:: Work required ::
Print only the lines below from the one with "In releasing Ultimate" to the one with "Zapatillas bajas tipo", both included, exactly as they stand. Leave pictures out.

◇ ◇ ◇ ◇ ◇ ◇ ◇

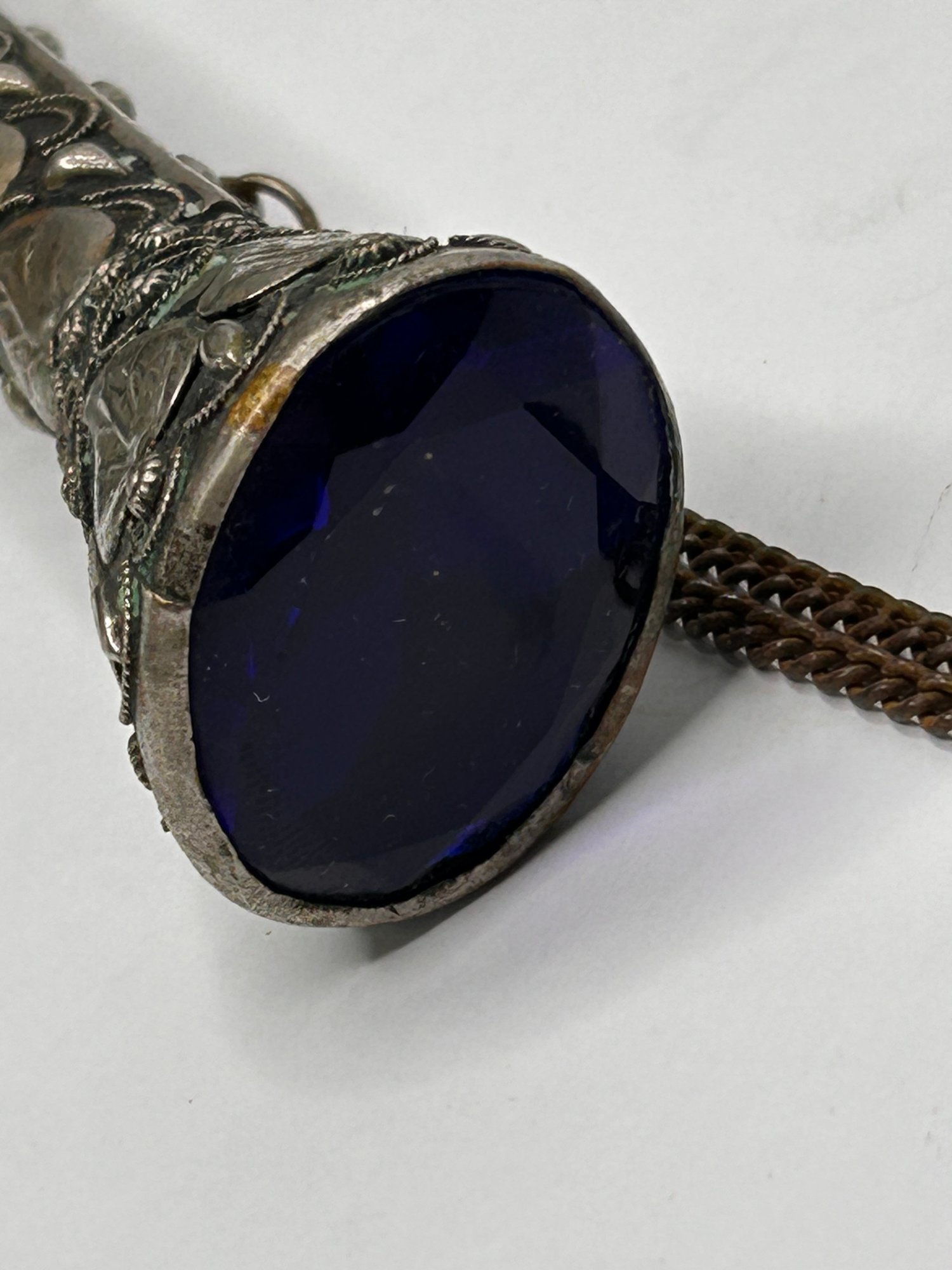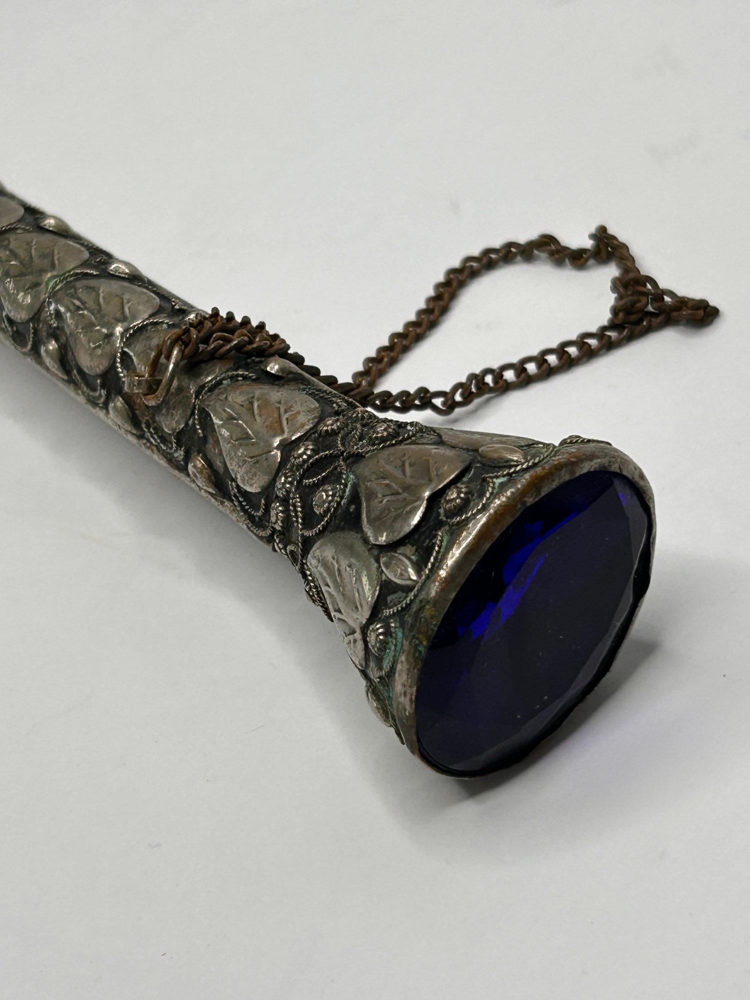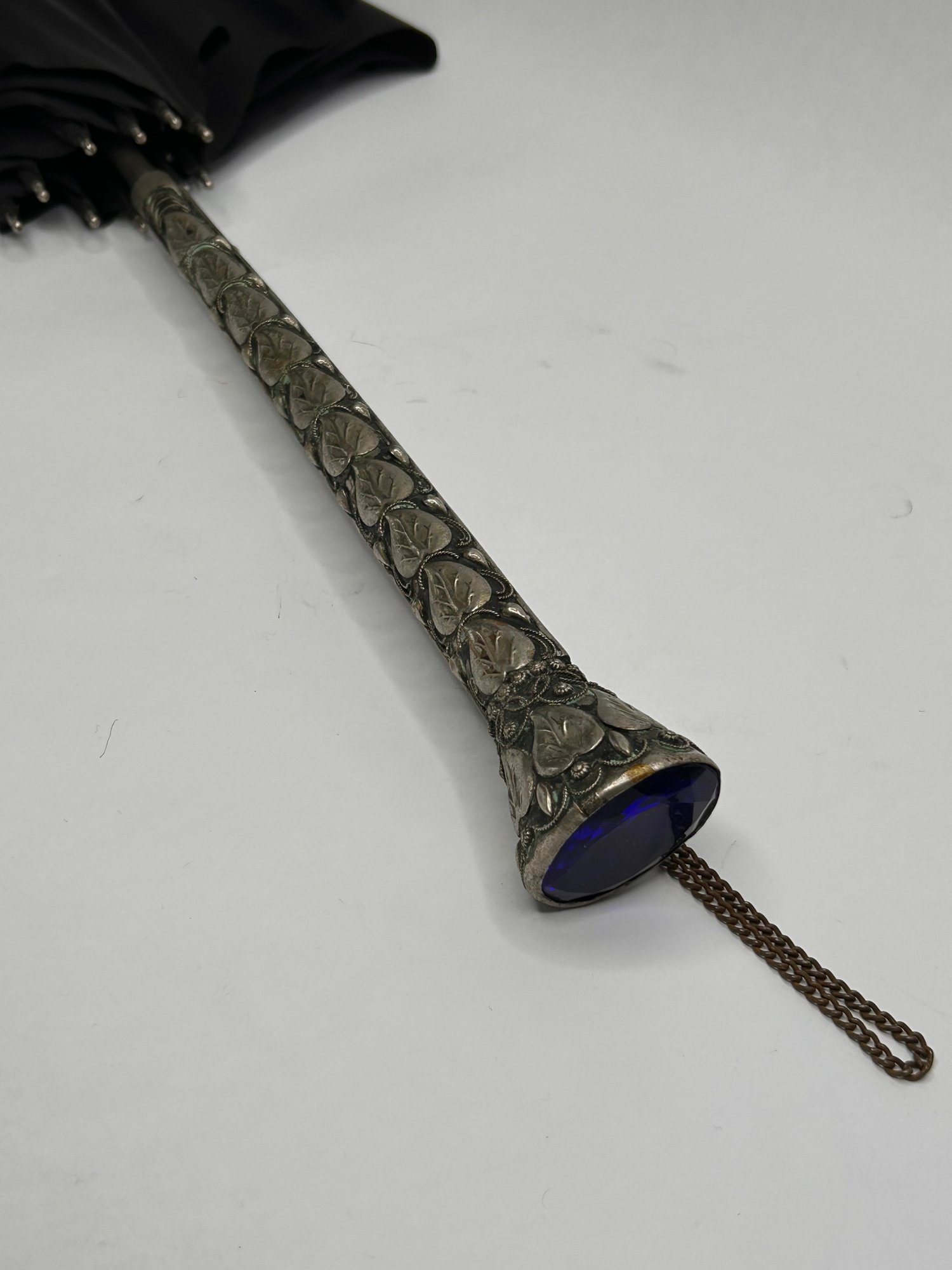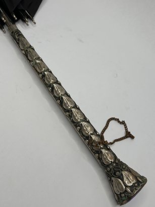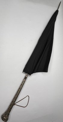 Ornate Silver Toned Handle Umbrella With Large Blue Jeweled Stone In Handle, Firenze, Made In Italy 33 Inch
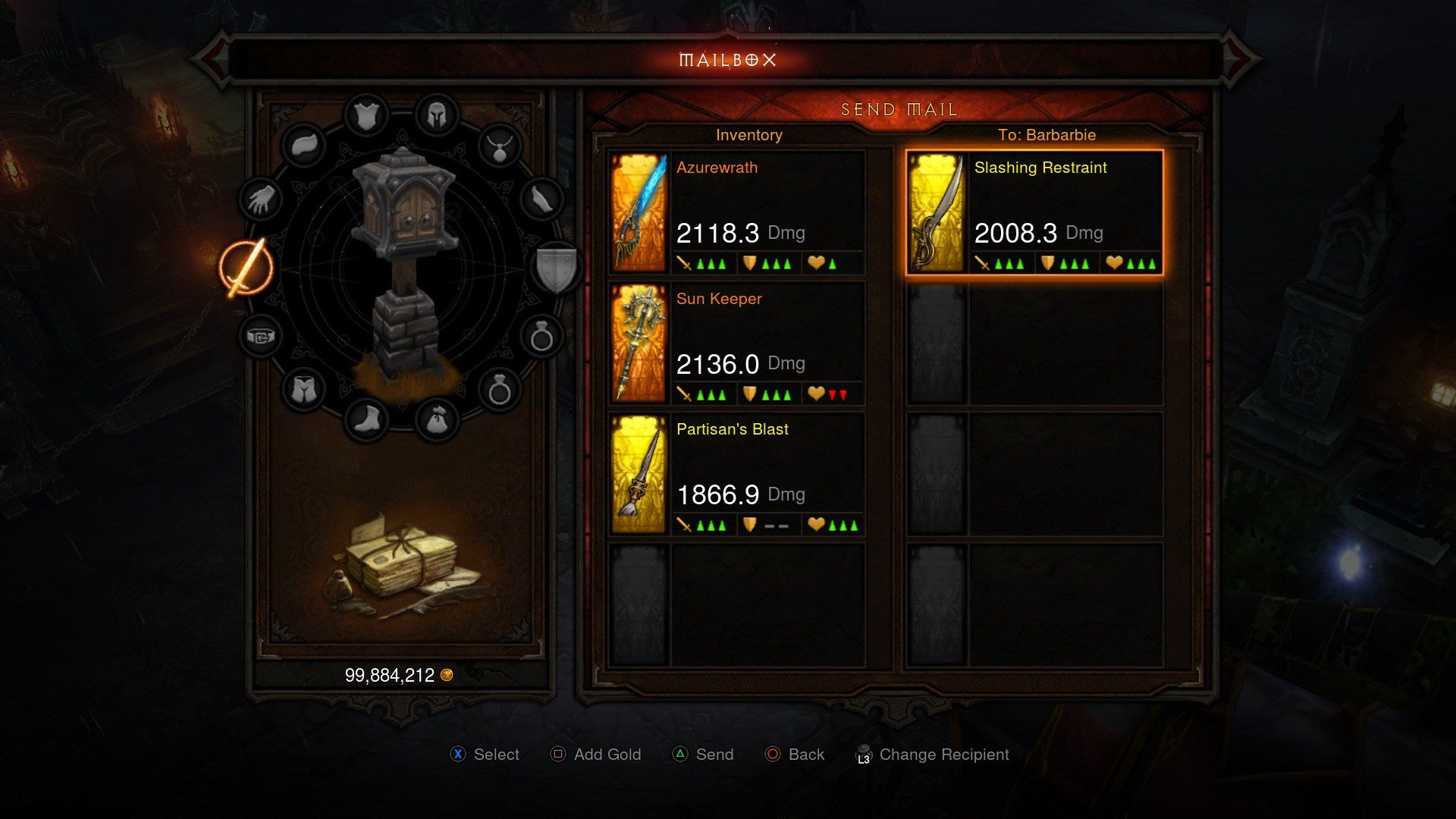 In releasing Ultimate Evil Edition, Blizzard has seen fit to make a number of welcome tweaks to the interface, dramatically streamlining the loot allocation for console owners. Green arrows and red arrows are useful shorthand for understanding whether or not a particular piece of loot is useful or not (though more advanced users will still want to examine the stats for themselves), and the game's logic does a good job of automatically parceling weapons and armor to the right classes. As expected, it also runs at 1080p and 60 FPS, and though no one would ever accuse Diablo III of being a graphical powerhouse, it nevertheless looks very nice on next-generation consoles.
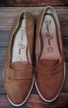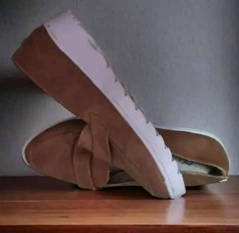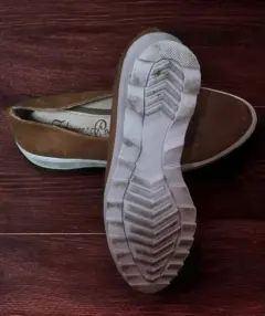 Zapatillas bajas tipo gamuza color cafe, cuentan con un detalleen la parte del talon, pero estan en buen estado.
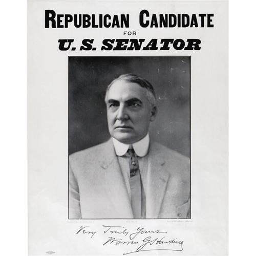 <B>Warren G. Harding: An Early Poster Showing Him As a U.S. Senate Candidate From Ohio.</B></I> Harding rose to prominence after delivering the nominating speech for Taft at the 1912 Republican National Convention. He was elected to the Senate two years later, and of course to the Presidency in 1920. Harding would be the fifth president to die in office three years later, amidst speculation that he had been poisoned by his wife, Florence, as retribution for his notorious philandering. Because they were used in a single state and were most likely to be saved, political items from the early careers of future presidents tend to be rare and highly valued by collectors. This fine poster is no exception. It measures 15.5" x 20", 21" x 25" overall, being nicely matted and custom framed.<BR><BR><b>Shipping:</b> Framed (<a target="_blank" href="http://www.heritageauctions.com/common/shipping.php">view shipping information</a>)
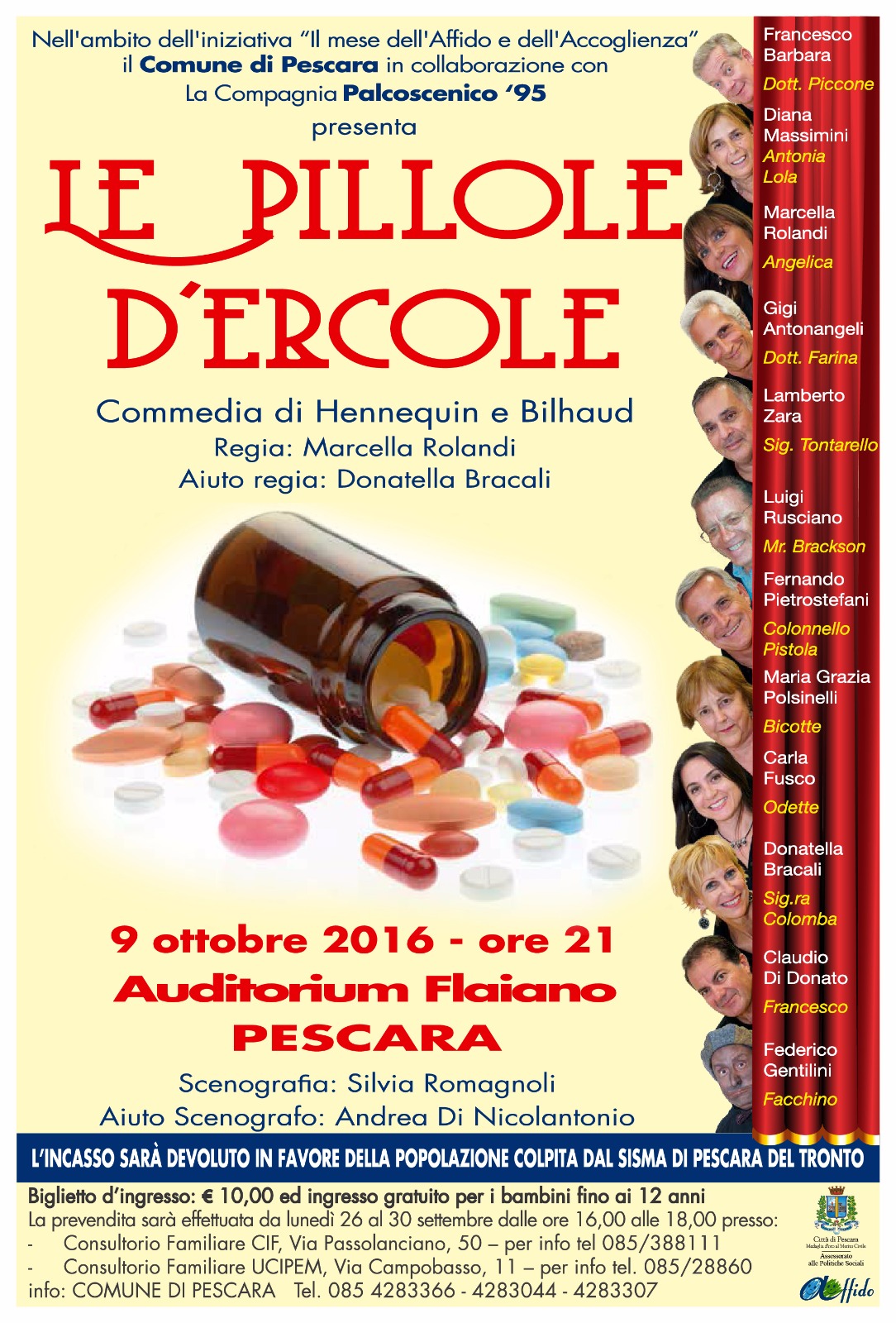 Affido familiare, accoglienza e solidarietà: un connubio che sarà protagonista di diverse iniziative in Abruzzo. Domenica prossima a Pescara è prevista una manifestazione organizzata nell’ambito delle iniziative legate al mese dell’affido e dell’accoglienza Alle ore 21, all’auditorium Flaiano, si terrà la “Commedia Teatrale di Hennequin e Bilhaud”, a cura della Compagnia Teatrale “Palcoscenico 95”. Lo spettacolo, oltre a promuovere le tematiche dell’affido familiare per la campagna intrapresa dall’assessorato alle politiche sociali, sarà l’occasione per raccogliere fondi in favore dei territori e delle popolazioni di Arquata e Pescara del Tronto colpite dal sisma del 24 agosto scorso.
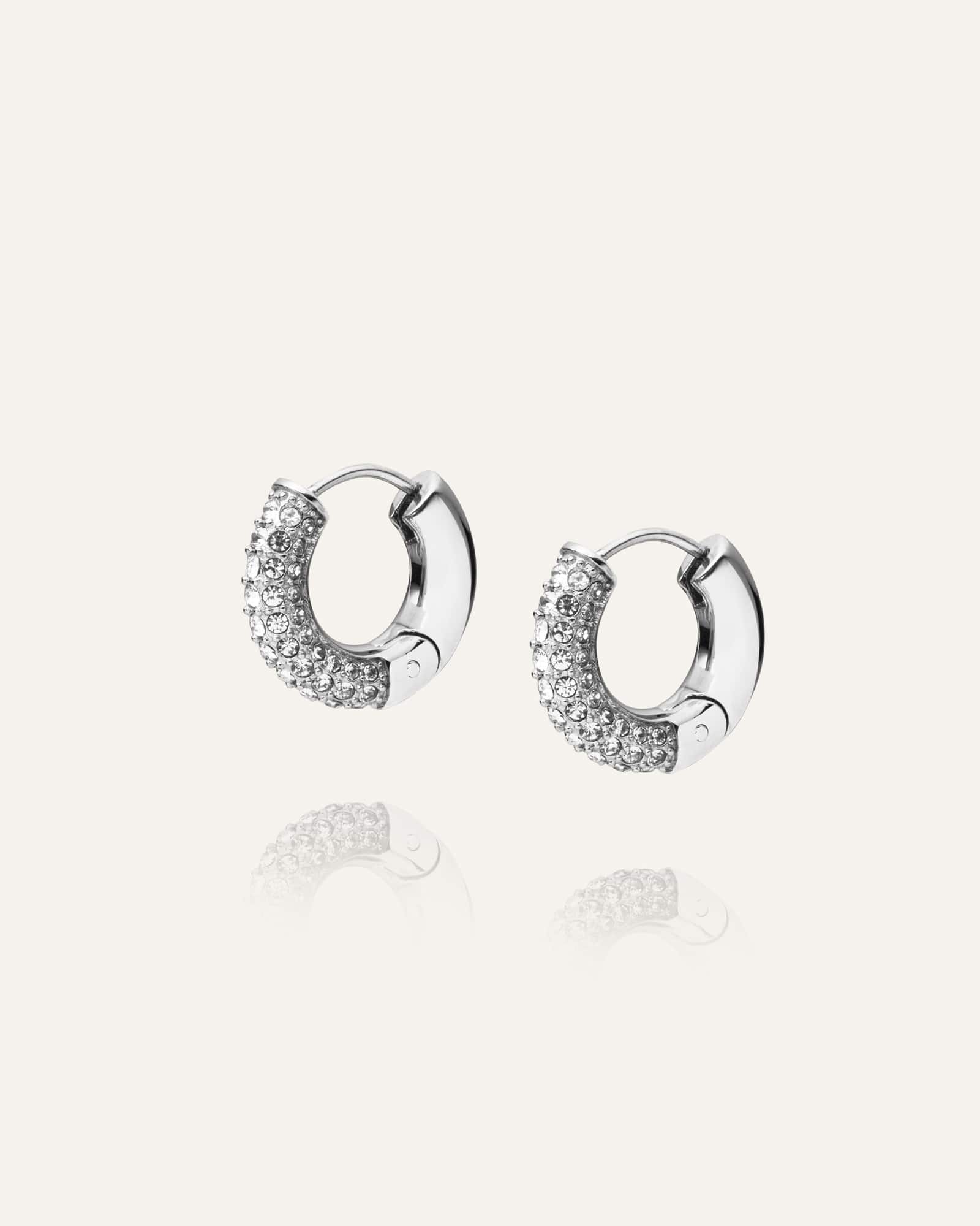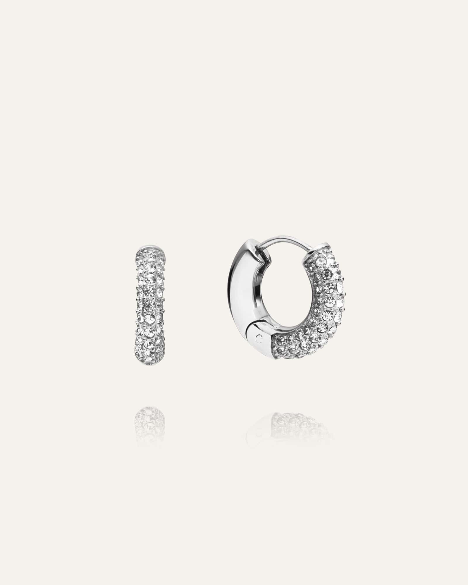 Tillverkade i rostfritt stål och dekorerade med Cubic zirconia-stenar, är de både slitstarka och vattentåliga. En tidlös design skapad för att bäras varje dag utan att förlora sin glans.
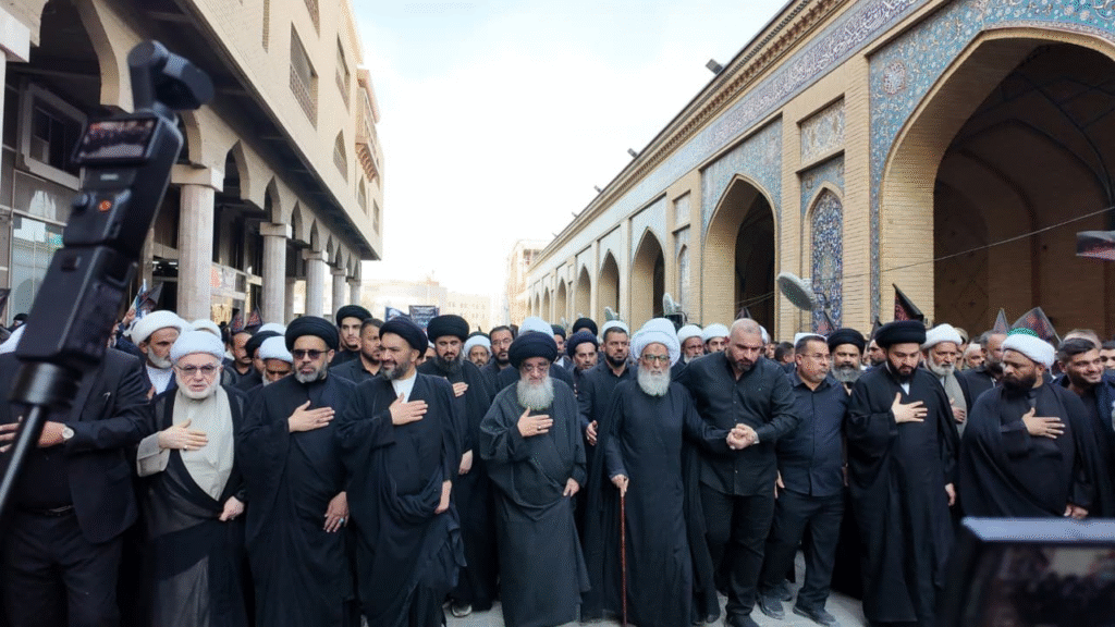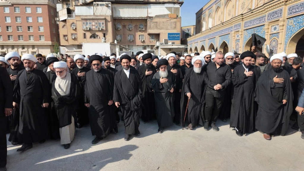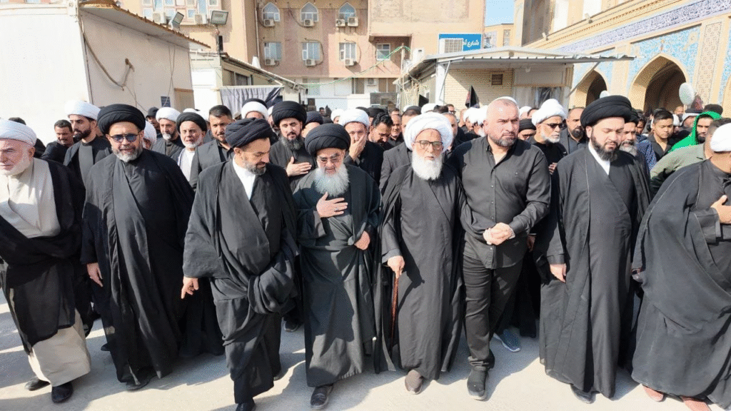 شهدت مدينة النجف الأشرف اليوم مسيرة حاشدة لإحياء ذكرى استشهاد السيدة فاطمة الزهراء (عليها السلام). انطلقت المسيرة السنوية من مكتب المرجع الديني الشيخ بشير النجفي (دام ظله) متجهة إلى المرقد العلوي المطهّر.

◇ ◇ ◇ ◇ ◇ ◇ ◇

:: Output below ::
 In releasing Ultimate Evil Edition, Blizzard has seen fit to make a number of welcome tweaks to the interface, dramatically streamlining the loot allocation for console owners. Green arrows and red arrows are useful shorthand for understanding whether or not a particular piece of loot is useful or not (though more advanced users will still want to examine the stats for themselves), and the game's logic does a good job of automatically parceling weapons and armor to the right classes. As expected, it also runs at 1080p and 60 FPS, and though no one would ever accuse Diablo III of being a graphical powerhouse, it nevertheless looks very nice on next-generation consoles.
 Zapatillas bajas tipo gamuza color cafe, cuentan con un detalleen la parte del talon, pero estan en buen estado.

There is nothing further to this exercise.